Problem statement –
Please retype the records below exactly as they appear, but leave out the pictures.

Collected data

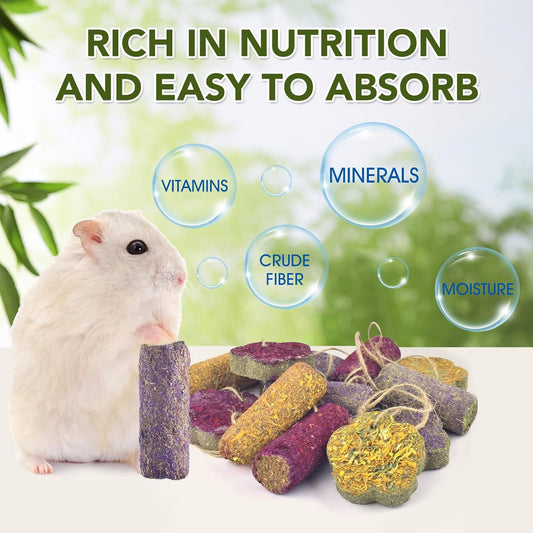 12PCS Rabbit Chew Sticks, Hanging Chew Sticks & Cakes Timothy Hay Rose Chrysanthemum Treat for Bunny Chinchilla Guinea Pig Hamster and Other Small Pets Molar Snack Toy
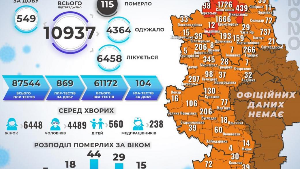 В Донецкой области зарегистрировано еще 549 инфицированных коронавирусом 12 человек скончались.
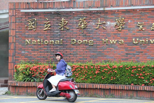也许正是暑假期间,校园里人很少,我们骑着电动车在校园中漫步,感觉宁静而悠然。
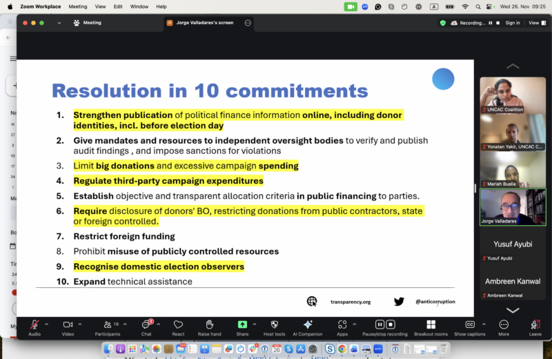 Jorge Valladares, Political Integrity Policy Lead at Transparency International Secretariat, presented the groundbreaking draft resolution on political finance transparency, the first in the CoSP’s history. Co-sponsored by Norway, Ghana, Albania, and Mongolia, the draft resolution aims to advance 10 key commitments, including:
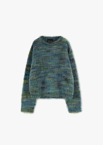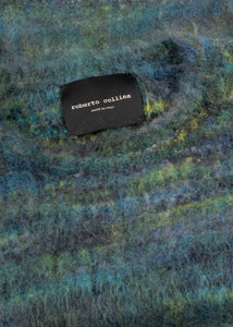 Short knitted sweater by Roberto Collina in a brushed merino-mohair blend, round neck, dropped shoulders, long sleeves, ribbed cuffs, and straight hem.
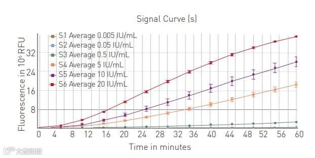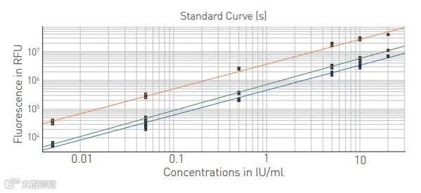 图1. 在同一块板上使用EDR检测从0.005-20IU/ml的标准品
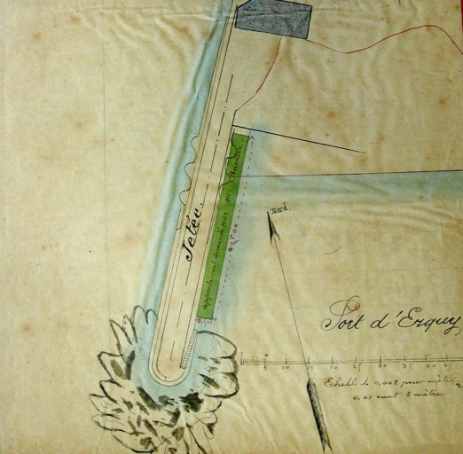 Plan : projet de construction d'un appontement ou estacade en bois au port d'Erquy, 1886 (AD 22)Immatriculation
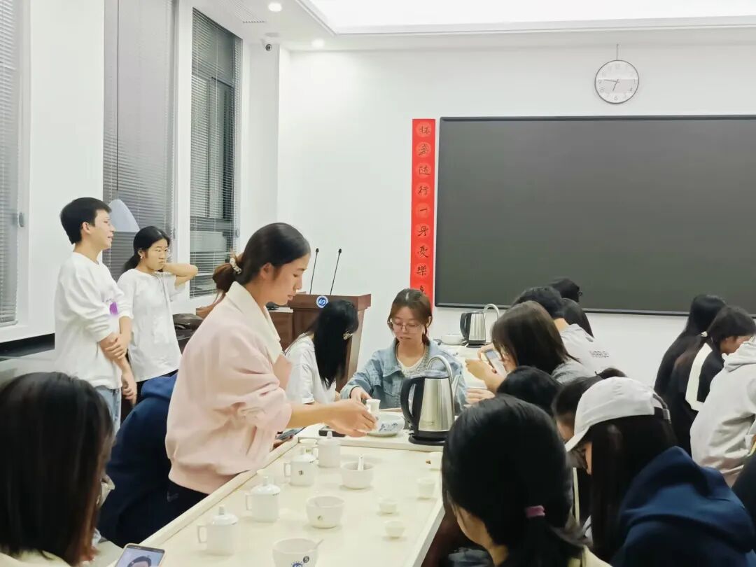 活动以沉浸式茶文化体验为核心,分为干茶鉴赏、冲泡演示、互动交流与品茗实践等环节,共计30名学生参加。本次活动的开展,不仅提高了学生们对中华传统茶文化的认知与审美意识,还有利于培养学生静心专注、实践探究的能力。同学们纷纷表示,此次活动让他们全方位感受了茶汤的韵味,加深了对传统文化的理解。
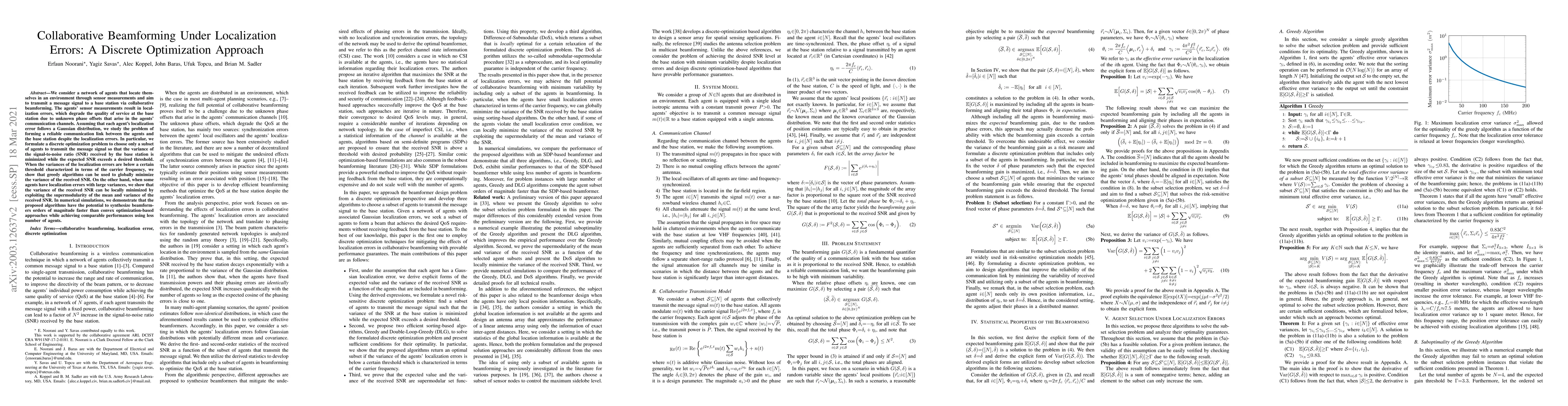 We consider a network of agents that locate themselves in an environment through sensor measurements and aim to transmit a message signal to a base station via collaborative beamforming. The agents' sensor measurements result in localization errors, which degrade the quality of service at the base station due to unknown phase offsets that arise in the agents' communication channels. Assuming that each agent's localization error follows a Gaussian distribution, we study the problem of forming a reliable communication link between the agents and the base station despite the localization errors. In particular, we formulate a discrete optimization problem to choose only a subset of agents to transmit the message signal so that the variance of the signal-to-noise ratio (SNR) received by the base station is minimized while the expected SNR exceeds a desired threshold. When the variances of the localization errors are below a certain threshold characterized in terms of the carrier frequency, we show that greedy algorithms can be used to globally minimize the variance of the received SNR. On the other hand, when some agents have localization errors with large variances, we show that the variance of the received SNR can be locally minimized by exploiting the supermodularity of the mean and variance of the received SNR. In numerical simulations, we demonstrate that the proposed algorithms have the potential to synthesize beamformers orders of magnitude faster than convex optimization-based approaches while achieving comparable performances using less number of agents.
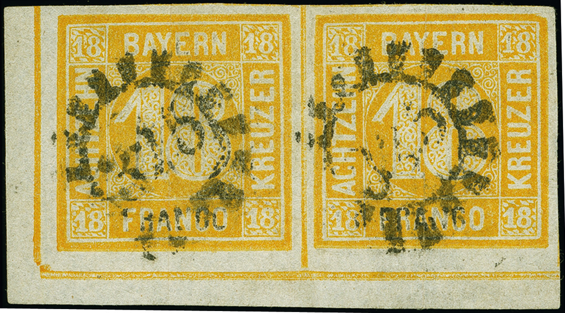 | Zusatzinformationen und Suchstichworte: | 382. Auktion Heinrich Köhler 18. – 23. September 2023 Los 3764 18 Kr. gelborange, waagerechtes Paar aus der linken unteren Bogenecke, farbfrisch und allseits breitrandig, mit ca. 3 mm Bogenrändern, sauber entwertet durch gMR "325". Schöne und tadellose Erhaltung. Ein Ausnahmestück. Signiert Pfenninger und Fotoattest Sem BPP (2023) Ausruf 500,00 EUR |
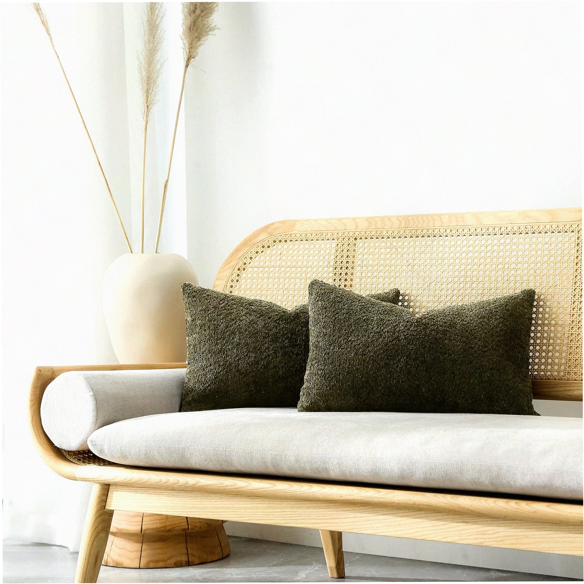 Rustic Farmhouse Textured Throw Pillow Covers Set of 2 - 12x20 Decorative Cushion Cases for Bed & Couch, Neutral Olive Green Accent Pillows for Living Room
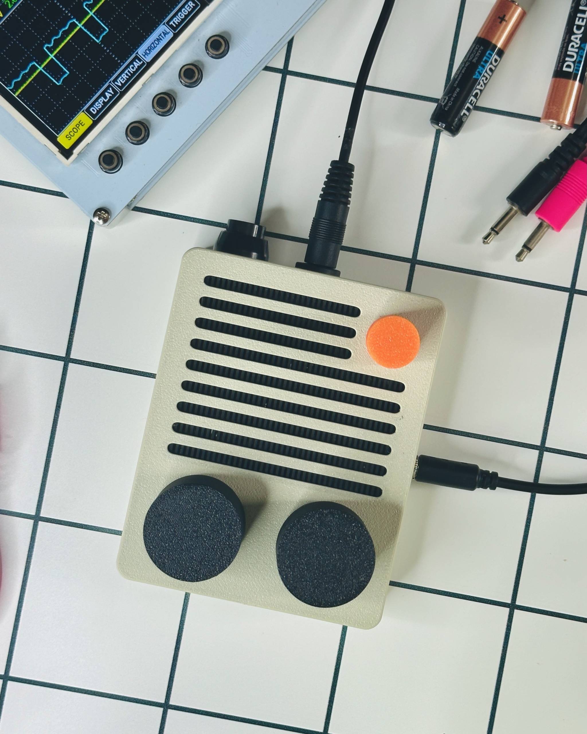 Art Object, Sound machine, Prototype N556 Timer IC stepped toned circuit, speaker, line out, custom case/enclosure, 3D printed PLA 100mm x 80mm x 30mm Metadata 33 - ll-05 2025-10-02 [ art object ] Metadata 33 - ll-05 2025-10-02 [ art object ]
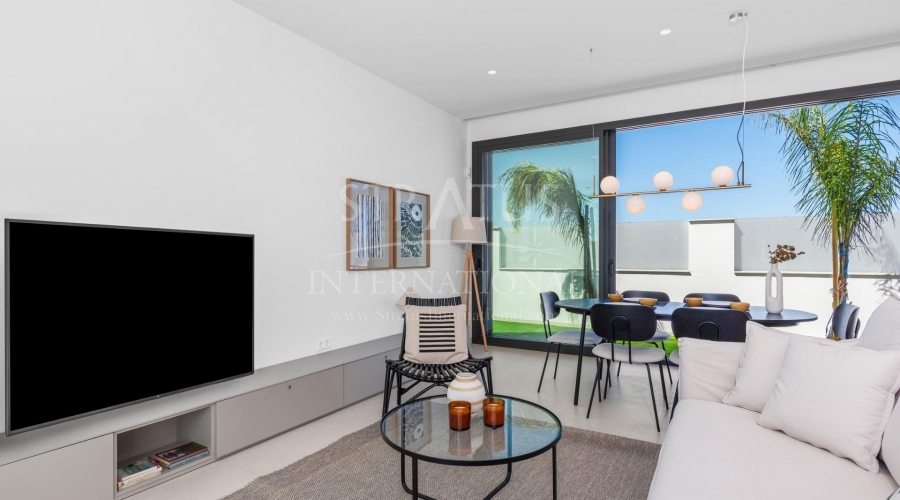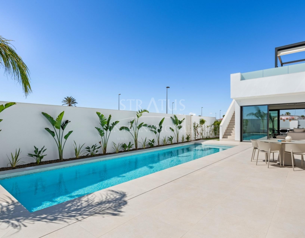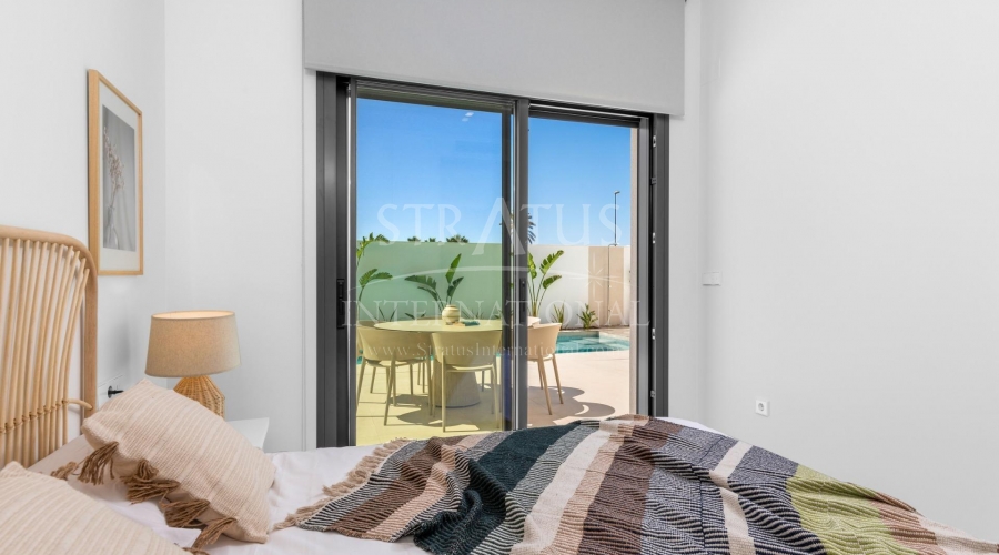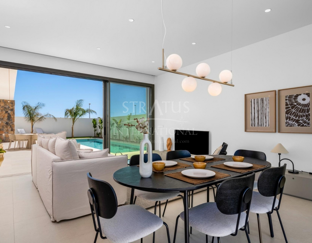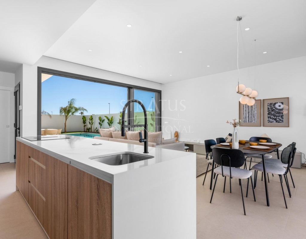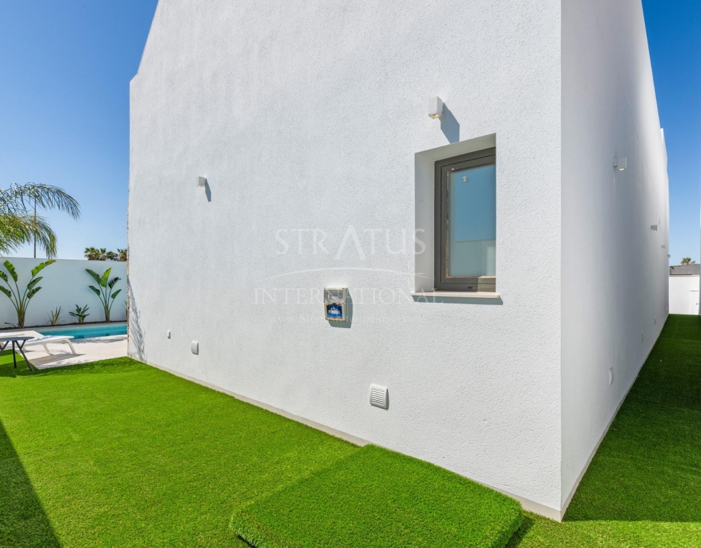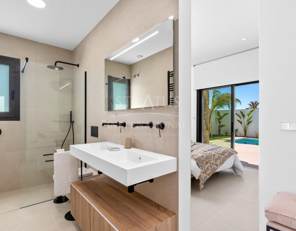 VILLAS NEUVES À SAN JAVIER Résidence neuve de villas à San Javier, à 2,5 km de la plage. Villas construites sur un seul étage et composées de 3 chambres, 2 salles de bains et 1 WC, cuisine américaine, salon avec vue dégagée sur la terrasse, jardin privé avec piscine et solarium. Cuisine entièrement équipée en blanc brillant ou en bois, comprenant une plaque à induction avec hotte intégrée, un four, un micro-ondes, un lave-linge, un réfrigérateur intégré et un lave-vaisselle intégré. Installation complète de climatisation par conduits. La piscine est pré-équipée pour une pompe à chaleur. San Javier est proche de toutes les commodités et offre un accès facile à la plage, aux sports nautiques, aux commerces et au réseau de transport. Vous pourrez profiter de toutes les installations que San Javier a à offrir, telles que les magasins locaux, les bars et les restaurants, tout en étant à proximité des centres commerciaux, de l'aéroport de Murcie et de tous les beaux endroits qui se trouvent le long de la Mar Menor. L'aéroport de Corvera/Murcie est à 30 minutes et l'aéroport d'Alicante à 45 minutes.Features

Solution –
 12PCS Rabbit Chew Sticks, Hanging Chew Sticks & Cakes Timothy Hay Rose Chrysanthemum Treat for Bunny Chinchilla Guinea Pig Hamster and Other Small Pets Molar Snack Toy
 В Донецкой области зарегистрировано еще 549 инфицированных коронавирусом 12 человек скончались.
也许正是暑假期间,校园里人很少,我们骑着电动车在校园中漫步,感觉宁静而悠然。
 Jorge Valladares, Political Integrity Policy Lead at Transparency International Secretariat, presented the groundbreaking draft resolution on political finance transparency, the first in the CoSP’s history. Co-sponsored by Norway, Ghana, Albania, and Mongolia, the draft resolution aims to advance 10 key commitments, including:
 Short knitted sweater by Roberto Collina in a brushed merino-mohair blend, round neck, dropped shoulders, long sleeves, ribbed cuffs, and straight hem.
 图1. 在同一块板上使用EDR检测从0.005-20IU/ml的标准品
 Plan : projet de construction d'un appontement ou estacade en bois au port d'Erquy, 1886 (AD 22)Immatriculation
 活动以沉浸式茶文化体验为核心,分为干茶鉴赏、冲泡演示、互动交流与品茗实践等环节,共计30名学生参加。本次活动的开展,不仅提高了学生们对中华传统茶文化的认知与审美意识,还有利于培养学生静心专注、实践探究的能力。同学们纷纷表示,此次活动让他们全方位感受了茶汤的韵味,加深了对传统文化的理解。
 We consider a network of agents that locate themselves in an environment through sensor measurements and aim to transmit a message signal to a base station via collaborative beamforming. The agents' sensor measurements result in localization errors, which degrade the quality of service at the base station due to unknown phase offsets that arise in the agents' communication channels. Assuming that each agent's localization error follows a Gaussian distribution, we study the problem of forming a reliable communication link between the agents and the base station despite the localization errors. In particular, we formulate a discrete optimization problem to choose only a subset of agents to transmit the message signal so that the variance of the signal-to-noise ratio (SNR) received by the base station is minimized while the expected SNR exceeds a desired threshold. When the variances of the localization errors are below a certain threshold characterized in terms of the carrier frequency, we show that greedy algorithms can be used to globally minimize the variance of the received SNR. On the other hand, when some agents have localization errors with large variances, we show that the variance of the received SNR can be locally minimized by exploiting the supermodularity of the mean and variance of the received SNR. In numerical simulations, we demonstrate that the proposed algorithms have the potential to synthesize beamformers orders of magnitude faster than convex optimization-based approaches while achieving comparable performances using less number of agents.
 | Zusatzinformationen und Suchstichworte: | 382. Auktion Heinrich Köhler 18. – 23. September 2023 Los 3764 18 Kr. gelborange, waagerechtes Paar aus der linken unteren Bogenecke, farbfrisch und allseits breitrandig, mit ca. 3 mm Bogenrändern, sauber entwertet durch gMR "325". Schöne und tadellose Erhaltung. Ein Ausnahmestück. Signiert Pfenninger und Fotoattest Sem BPP (2023) Ausruf 500,00 EUR |
 Rustic Farmhouse Textured Throw Pillow Covers Set of 2 - 12x20 Decorative Cushion Cases for Bed & Couch, Neutral Olive Green Accent Pillows for Living Room
 Art Object, Sound machine, Prototype N556 Timer IC stepped toned circuit, speaker, line out, custom case/enclosure, 3D printed PLA 100mm x 80mm x 30mm Metadata 33 - ll-05 2025-10-02 [ art object ] Metadata 33 - ll-05 2025-10-02 [ art object ]
 VILLAS NEUVES À SAN JAVIER Résidence neuve de villas à San Javier, à 2,5 km de la plage. Villas construites sur un seul étage et composées de 3 chambres, 2 salles de bains et 1 WC, cuisine américaine, salon avec vue dégagée sur la terrasse, jardin privé avec piscine et solarium. Cuisine entièrement équipée en blanc brillant ou en bois, comprenant une plaque à induction avec hotte intégrée, un four, un micro-ondes, un lave-linge, un réfrigérateur intégré et un lave-vaisselle intégré. Installation complète de climatisation par conduits. La piscine est pré-équipée pour une pompe à chaleur. San Javier est proche de toutes les commodités et offre un accès facile à la plage, aux sports nautiques, aux commerces et au réseau de transport. Vous pourrez profiter de toutes les installations que San Javier a à offrir, telles que les magasins locaux, les bars et les restaurants, tout en étant à proximité des centres commerciaux, de l'aéroport de Murcie et de tous les beaux endroits qui se trouvent le long de la Mar Menor. L'aéroport de Corvera/Murcie est à 30 minutes et l'aéroport d'Alicante à 45 minutes.Features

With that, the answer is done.